*** Opening Material provided ***
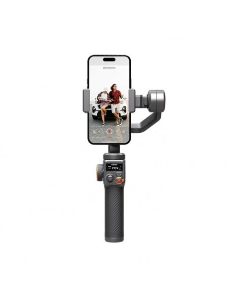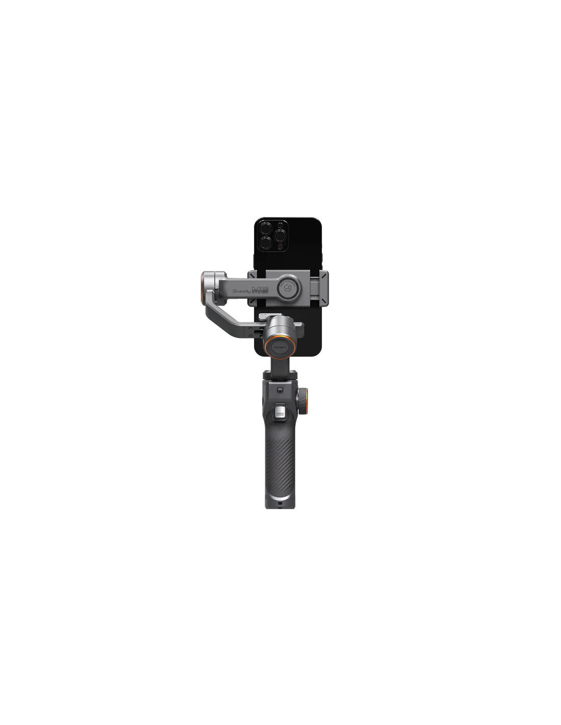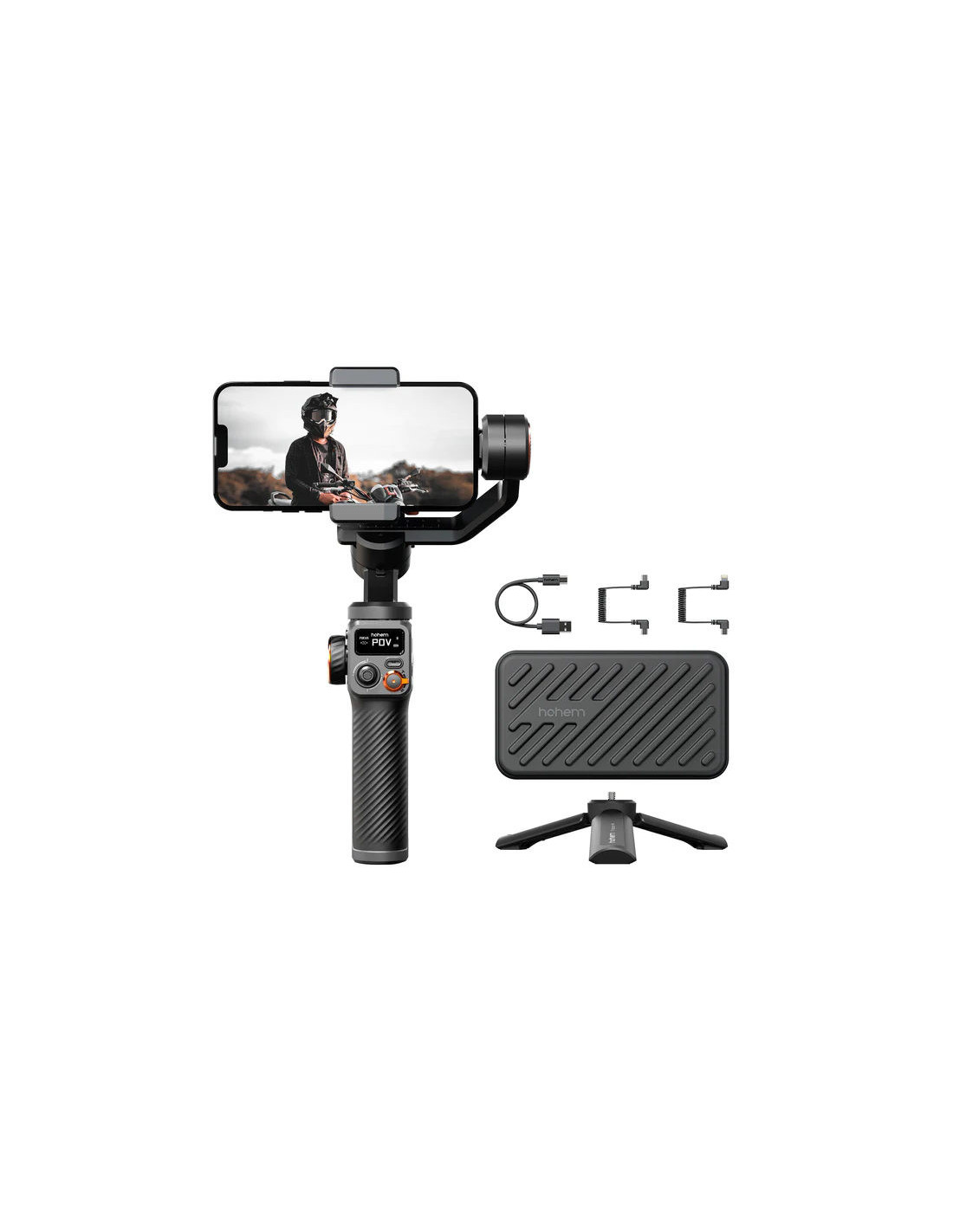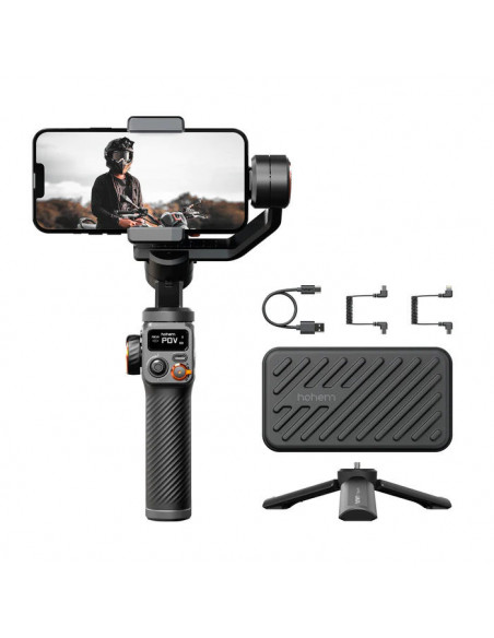 The ideal partner of vloggers, live streamers, vacationers and filmmakers The iSteady M6 is a professional 3 axis smartphone stabilizer ideal for vloggers, live streamers, vacationers and filmmakers who want to create smooth and stable content. The enhanced 3 axis structure offers free movement from all angles. Moreover, the 360° infinite panning rotation, iSteady 7.0 anti shake system and much more allow you to capture stunning and epic shots even when filming solo. Highlights Stabilization iSteady 7.0 Infinite 360° rotation range OLED screen Ultra Wide Angle Shots Switch to ultra wide angle shooting mode by pressing the multifunction trigger 4 times, it is perfect for capturing an unobstructed image. Stabilization iSteady 7.0 It allows users to capture on the move and shake free creations that are overwhelming. Free angle movement The 335° tilt rotation & wider space between axes ensure smooth movement from all perspectives, even at extreme low angles. Infinite 360° rotation range Press the M button three times in a row to enable Inception mode that rotates your smartphone camera 360° indefinitely for an impressive shooting effect. OLED screen Easily check various gimbal parameters, Bluetooth status, battery level, gimbal mode and so on. Work status at a glance. Up to 400g payload capacity The 3 powerful high torque motors support a payload of up to 400g. The four 1/4" 20 UNC ports allow multiple accessories to be added. Unlock the creative potential of your iSteady M6. Compatible Devices The Hohem iSteady M6 Mobile Phone Gimbal is suitable for phones with a width of 58 98mm. Hohem M6 is suitable for many large screen phones such as iPhone 14Pro/Samsung S22&23 Ultra/HUWEI Mate50/Honor Magic5 Pro/Google Pixel Phone/Xiaomi 13., Weight (Gimbal): 551g (Including battery) Main material: High quality composites Load capacity: 400g Mobile width: 58 mm ~ 98 mm Mechanical range: Pan: 360° infinite rotation; Roll: 335°; Tilt: 335° Operating Temperature: 10~45°C Motor Protection: The motor can be protected from damage due to improper use by automatically turning off the gimbal. Battery Capacity: 2600mAh 7.4V/ 19.24Wh Battery life: Up to 18 hours (under ideal conditions with the gimbal fully balanced) Charging time: 3 hours (5V/2A) APP: Hohem Joy
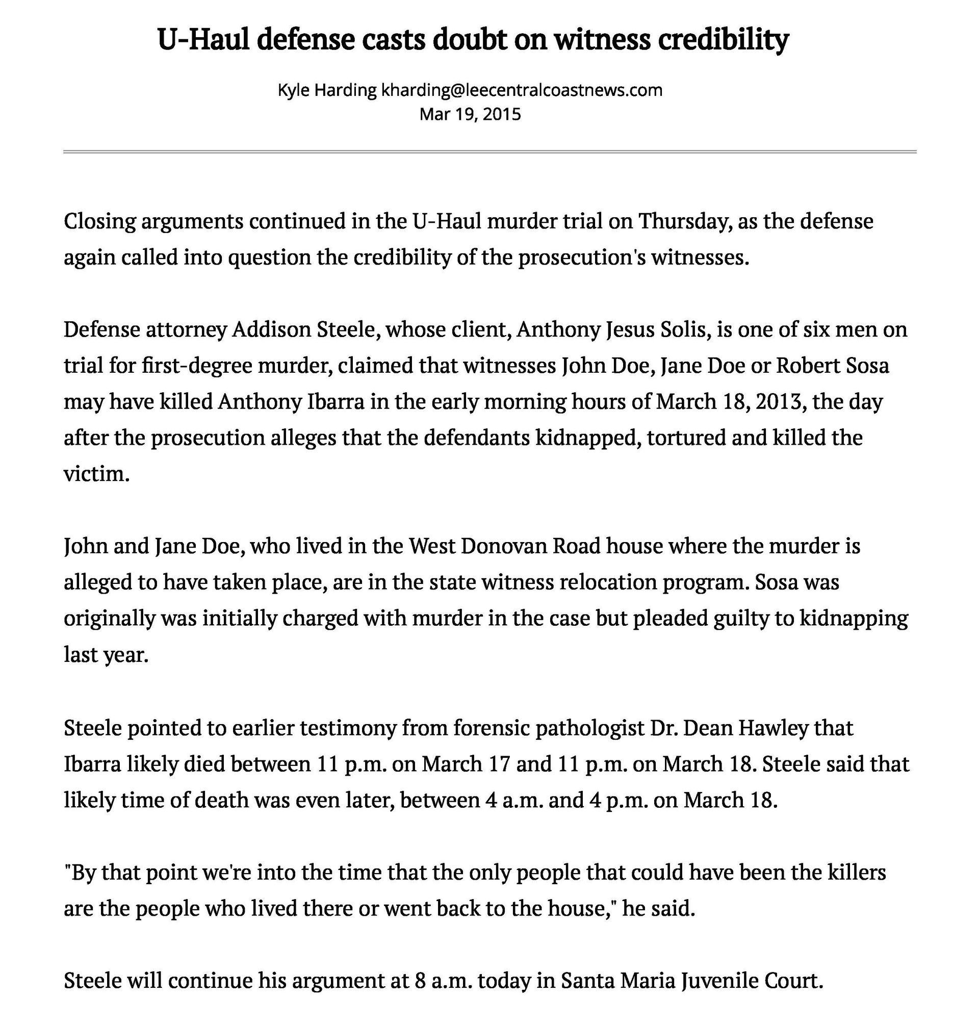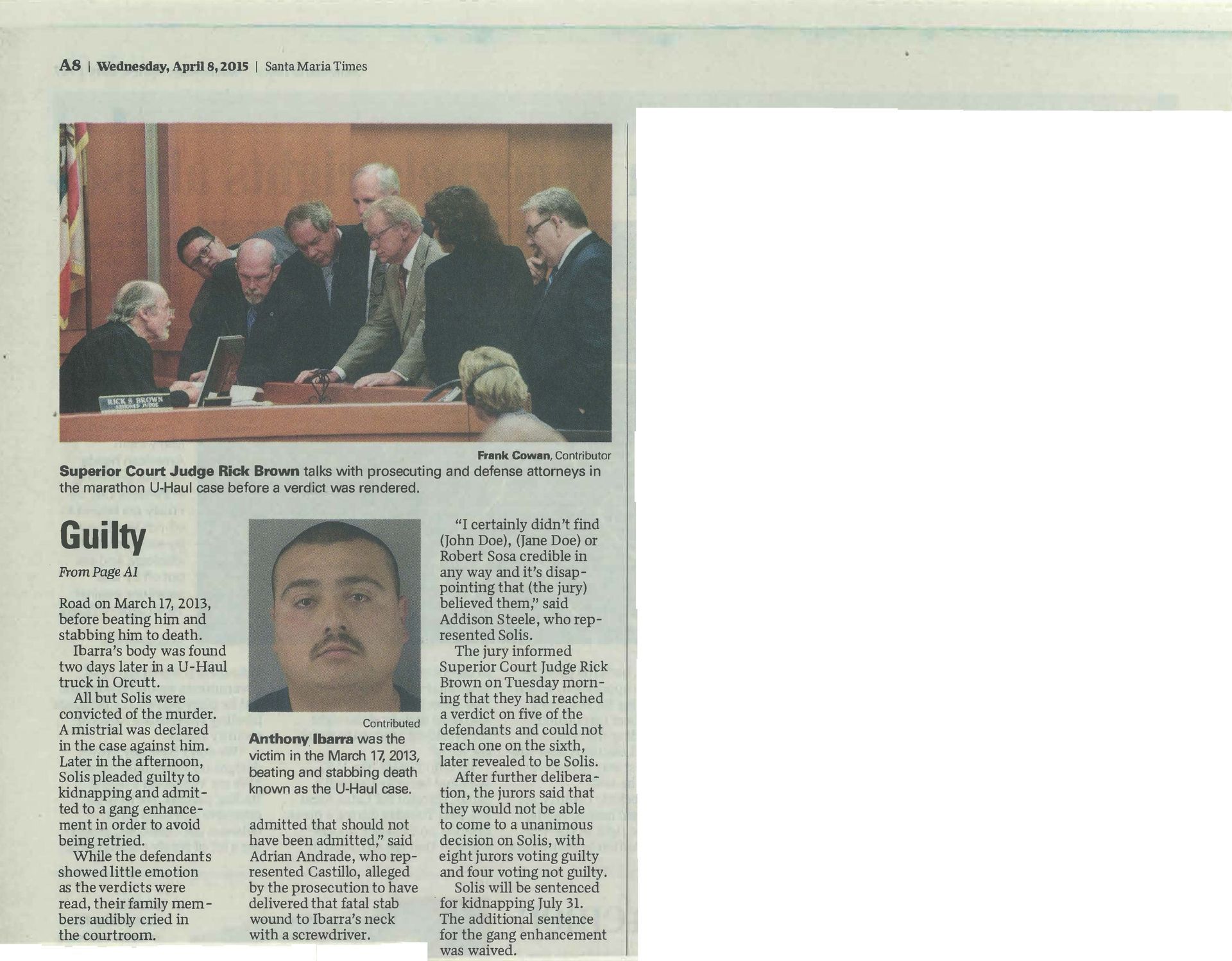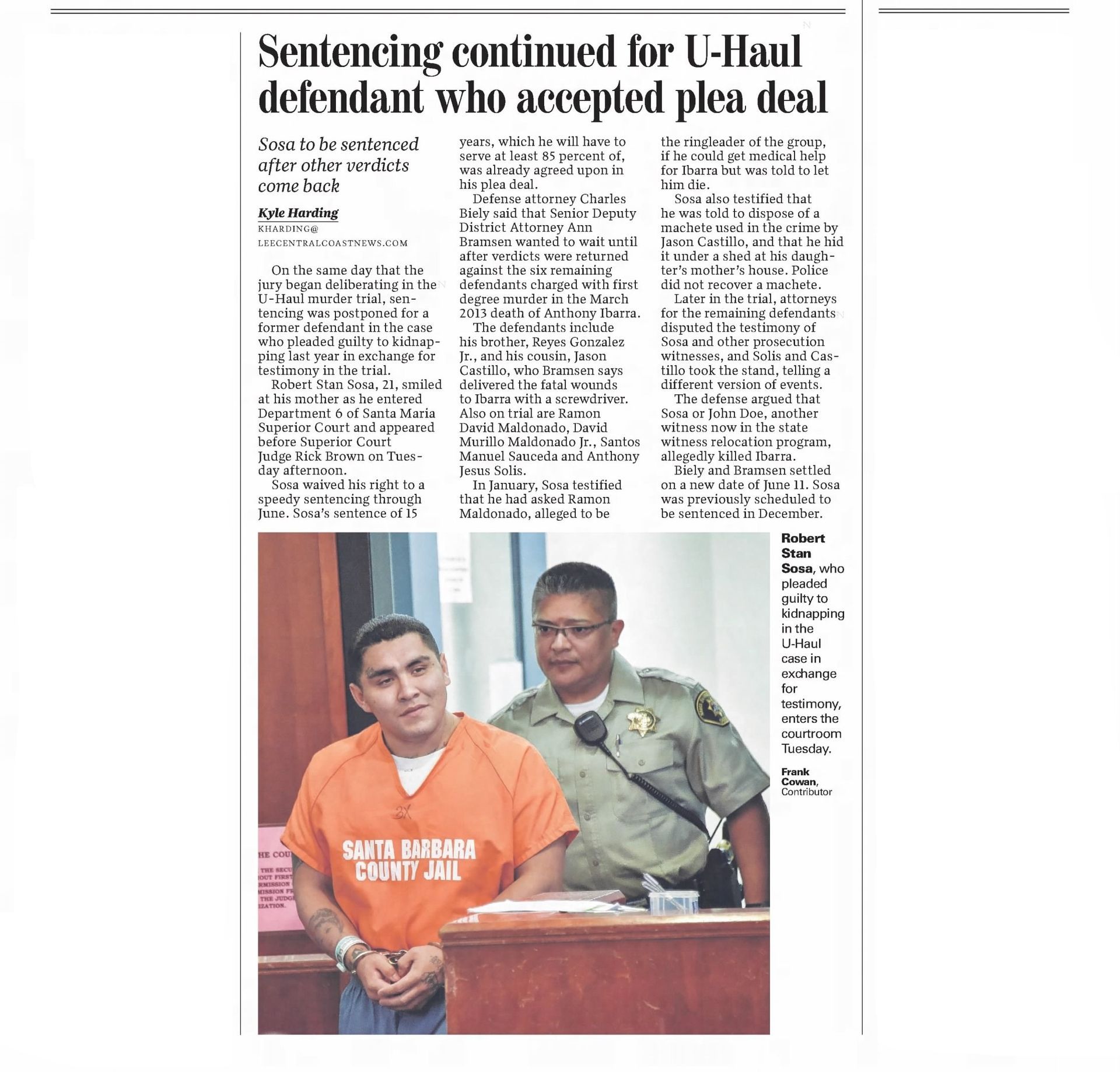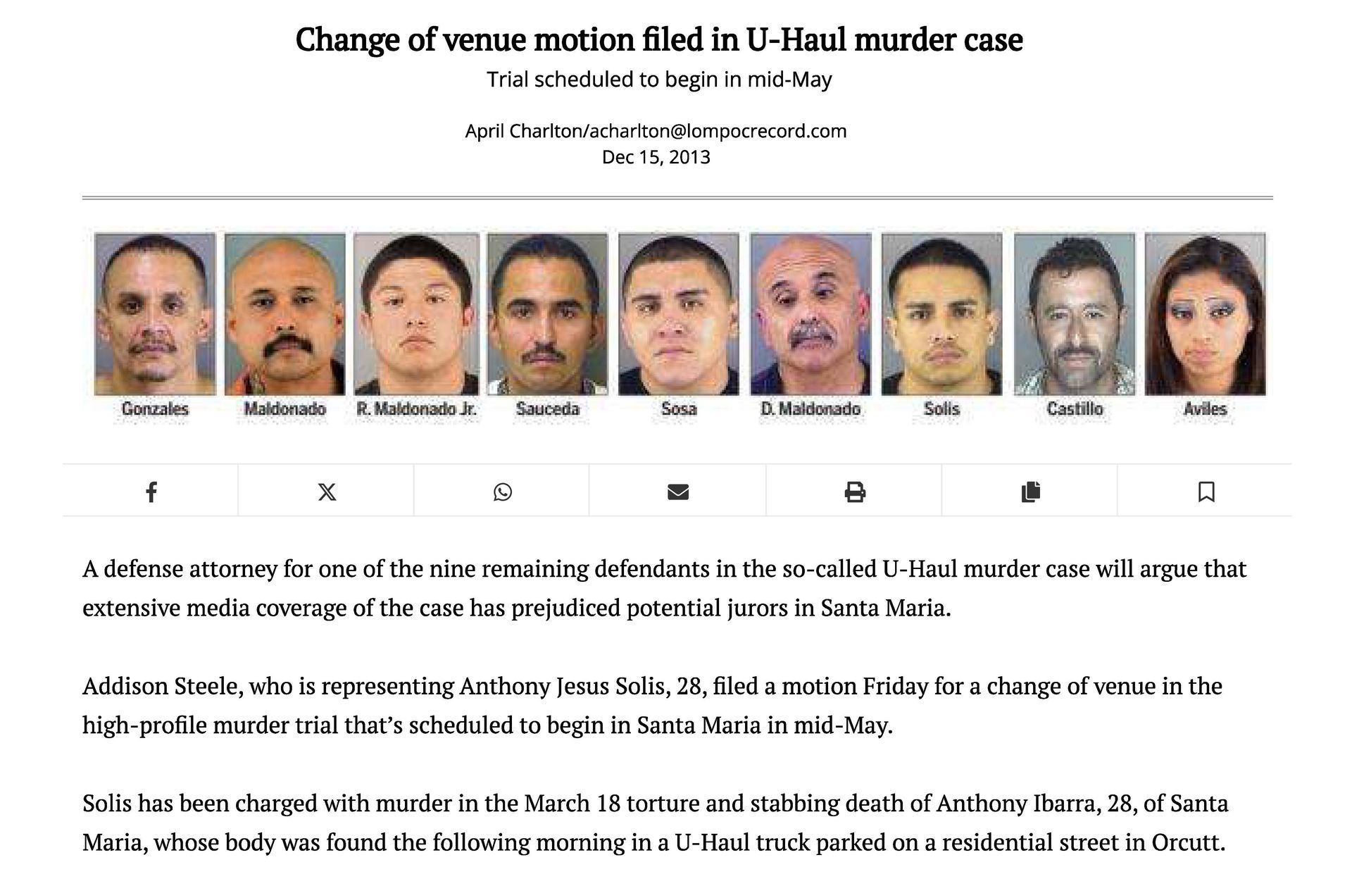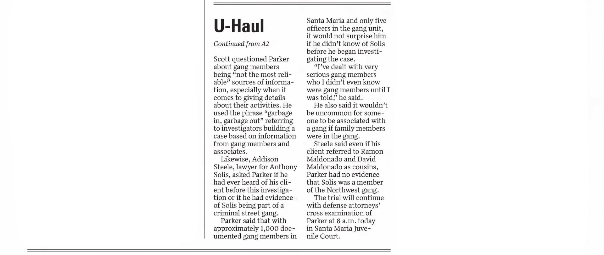 This was the "U-Haul Murder Trial," as the press called it, Addison's client was the only one of the six co-defendants that has gone home, The other five co-defendants were convicted of charges that resulted in life without the possibility of Parole (LWOPP) There was a hung jury on Addison's client's portion on the case, the case then resolved for a kidnapping charge
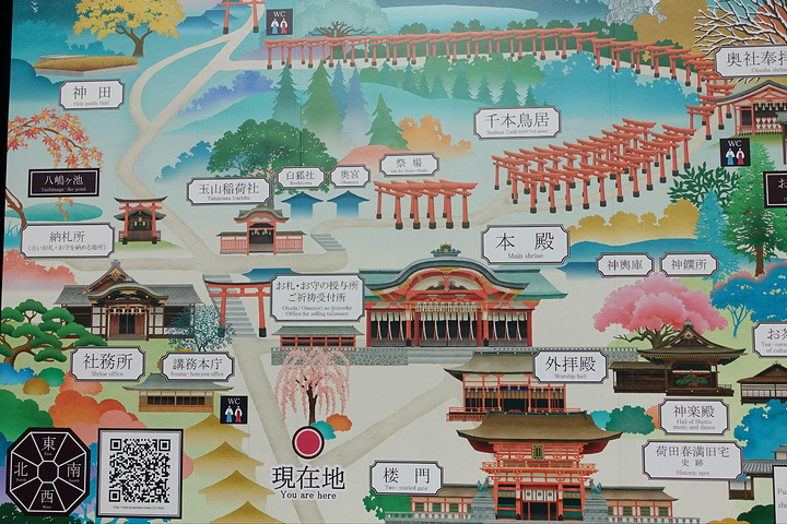来张地图,大社最出名的要数神社主殿后面密集的朱红色“千本鸟居”,密布到山顶,是京都最具代表性的景观之一,当然一般人是爬不到山顶的……
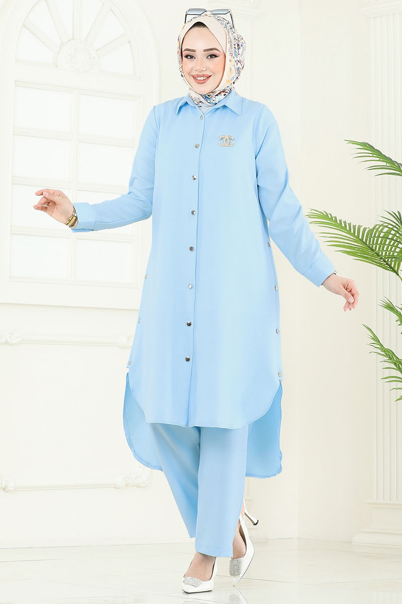 Product Feature : It is a new season hijab fashion product. The product has a Shirt collar. The product has From the front buttons. Slash buttons are active.. Unlined. Accessories are not included. Blouse is not included. Sample combination is made with the blouse to show the intended use of the product. The waist of the trousers is elastic. Cuff buttons are active. There may be a tonal difference in the product due to concept photo shoots.
*** Closing Material provided ***
◆ Task description ◆
For this exercise, return the data above exactly and leave every picture out.

◆ Output of the exercise ◆
 The ideal partner of vloggers, live streamers, vacationers and filmmakers The iSteady M6 is a professional 3 axis smartphone stabilizer ideal for vloggers, live streamers, vacationers and filmmakers who want to create smooth and stable content. The enhanced 3 axis structure offers free movement from all angles. Moreover, the 360° infinite panning rotation, iSteady 7.0 anti shake system and much more allow you to capture stunning and epic shots even when filming solo. Highlights Stabilization iSteady 7.0 Infinite 360° rotation range OLED screen Ultra Wide Angle Shots Switch to ultra wide angle shooting mode by pressing the multifunction trigger 4 times, it is perfect for capturing an unobstructed image. Stabilization iSteady 7.0 It allows users to capture on the move and shake free creations that are overwhelming. Free angle movement The 335° tilt rotation & wider space between axes ensure smooth movement from all perspectives, even at extreme low angles. Infinite 360° rotation range Press the M button three times in a row to enable Inception mode that rotates your smartphone camera 360° indefinitely for an impressive shooting effect. OLED screen Easily check various gimbal parameters, Bluetooth status, battery level, gimbal mode and so on. Work status at a glance. Up to 400g payload capacity The 3 powerful high torque motors support a payload of up to 400g. The four 1/4" 20 UNC ports allow multiple accessories to be added. Unlock the creative potential of your iSteady M6. Compatible Devices The Hohem iSteady M6 Mobile Phone Gimbal is suitable for phones with a width of 58 98mm. Hohem M6 is suitable for many large screen phones such as iPhone 14Pro/Samsung S22&23 Ultra/HUWEI Mate50/Honor Magic5 Pro/Google Pixel Phone/Xiaomi 13., Weight (Gimbal): 551g (Including battery) Main material: High quality composites Load capacity: 400g Mobile width: 58 mm ~ 98 mm Mechanical range: Pan: 360° infinite rotation; Roll: 335°; Tilt: 335° Operating Temperature: 10~45°C Motor Protection: The motor can be protected from damage due to improper use by automatically turning off the gimbal. Battery Capacity: 2600mAh 7.4V/ 19.24Wh Battery life: Up to 18 hours (under ideal conditions with the gimbal fully balanced) Charging time: 3 hours (5V/2A) APP: Hohem Joy
 This was the "U-Haul Murder Trial," as the press called it, Addison's client was the only one of the six co-defendants that has gone home, The other five co-defendants were convicted of charges that resulted in life without the possibility of Parole (LWOPP) There was a hung jury on Addison's client's portion on the case, the case then resolved for a kidnapping charge
来张地图,大社最出名的要数神社主殿后面密集的朱红色“千本鸟居”,密布到山顶,是京都最具代表性的景观之一,当然一般人是爬不到山顶的……
 Product Feature : It is a new season hijab fashion product. The product has a Shirt collar. The product has From the front buttons. Slash buttons are active.. Unlined. Accessories are not included. Blouse is not included. Sample combination is made with the blouse to show the intended use of the product. The waist of the trousers is elastic. Cuff buttons are active. There may be a tonal difference in the product due to concept photo shoots.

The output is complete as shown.